| To do |
Below are lines of records; copy exactly those from the one containing "BELLEZA Y SALUDBELLEZA" through the one containing "мм (820003) |", leaving the pictures behind.

| Data for analysis |
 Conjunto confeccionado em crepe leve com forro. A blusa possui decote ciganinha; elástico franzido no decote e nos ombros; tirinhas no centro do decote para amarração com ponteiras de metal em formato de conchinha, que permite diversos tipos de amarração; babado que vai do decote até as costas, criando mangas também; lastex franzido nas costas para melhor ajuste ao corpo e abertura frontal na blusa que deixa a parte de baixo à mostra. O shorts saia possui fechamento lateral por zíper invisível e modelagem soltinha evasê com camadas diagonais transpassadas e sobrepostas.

==

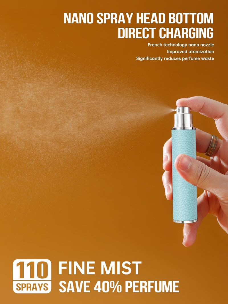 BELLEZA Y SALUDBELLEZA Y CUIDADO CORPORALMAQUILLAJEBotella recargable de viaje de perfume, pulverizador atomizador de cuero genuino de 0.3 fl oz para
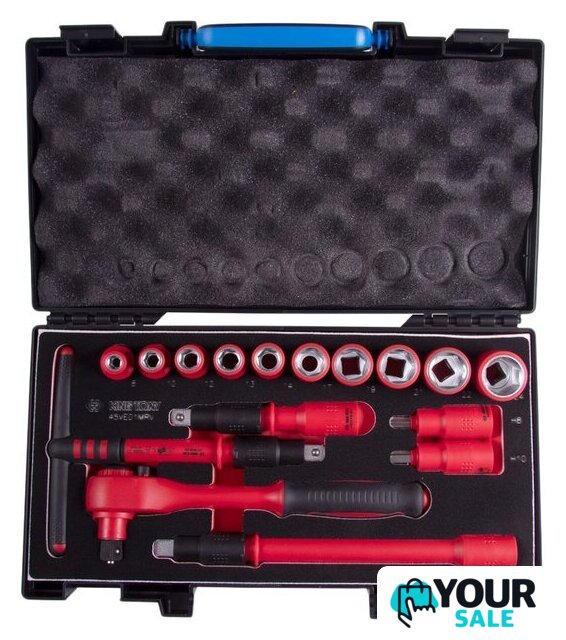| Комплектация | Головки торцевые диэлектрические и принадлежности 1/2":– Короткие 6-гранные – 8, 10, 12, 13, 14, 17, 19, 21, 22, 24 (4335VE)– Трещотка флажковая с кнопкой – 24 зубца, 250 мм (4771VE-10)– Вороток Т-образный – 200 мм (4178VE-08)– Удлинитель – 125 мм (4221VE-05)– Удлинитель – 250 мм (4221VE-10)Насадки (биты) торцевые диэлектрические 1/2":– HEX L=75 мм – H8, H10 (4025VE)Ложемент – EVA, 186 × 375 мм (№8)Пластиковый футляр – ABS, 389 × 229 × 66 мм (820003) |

| Answer to this exercise |
 BELLEZA Y SALUDBELLEZA Y CUIDADO CORPORALMAQUILLAJEBotella recargable de viaje de perfume, pulverizador atomizador de cuero genuino de 0.3 fl oz para
| Комплектация | Головки торцевые диэлектрические и принадлежности 1/2":– Короткие 6-гранные – 8, 10, 12, 13, 14, 17, 19, 21, 22, 24 (4335VE)– Трещотка флажковая с кнопкой – 24 зубца, 250 мм (4771VE-10)– Вороток Т-образный – 200 мм (4178VE-08)– Удлинитель – 125 мм (4221VE-05)– Удлинитель – 250 мм (4221VE-10)Насадки (биты) торцевые диэлектрические 1/2":– HEX L=75 мм – H8, H10 (4025VE)Ложемент – EVA, 186 × 375 мм (№8)Пластиковый футляр – ABS, 389 × 229 × 66 мм (820003) |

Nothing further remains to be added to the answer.